In the mid-1980s, following significant population growth, the council led by the mayor, Pierre Leroy-Beaulieu, decided to establish a more substantial town hall. The building they selected was the Mirabel Barracks in the central part of the town. The barracks were commissioned in the wake of the Franco-Prussian War of 1870. They were designed in the neoclassical style, built in brick with a cement render finish and were completed in 1892.

The design involved a symmetrical main frontage of 11 bays facing onto what is now Rue Alsace Lorraine. The central bay, which was slightly projected forward, featured a double-height round headed opening on the ground floor, and pairs of segmental headed windows with keystones on the second and third floors. The central bay was surmounted by a pediment with a clock in the tympanum and was flanked by quoins surmounted at roof level by finials. There were also quoins at the corners of the building. The other bays were all fenestrated by segmental headed windows with keystones.

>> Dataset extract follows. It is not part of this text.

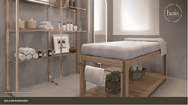 “O conceito deste apartamento trabalha uma linguagem com um clima mais natural, com formas orgânicas, texturas e acabamentos que remetem ao bem-estar e à natureza.”

The building served as accommodation for the 17th Infantry Regiment. During the revolt of the Languedoc winegrowers in June 1907, the regiment mutinied and joined the local wine growers. After the barracks fell vacant, they were put up for sale by the French Government in 1982 and acquired by the council. After conversion for municipal use, the building was officially re-opened by Minister of the Interior, Charles Pasqua, on 11 May 1987.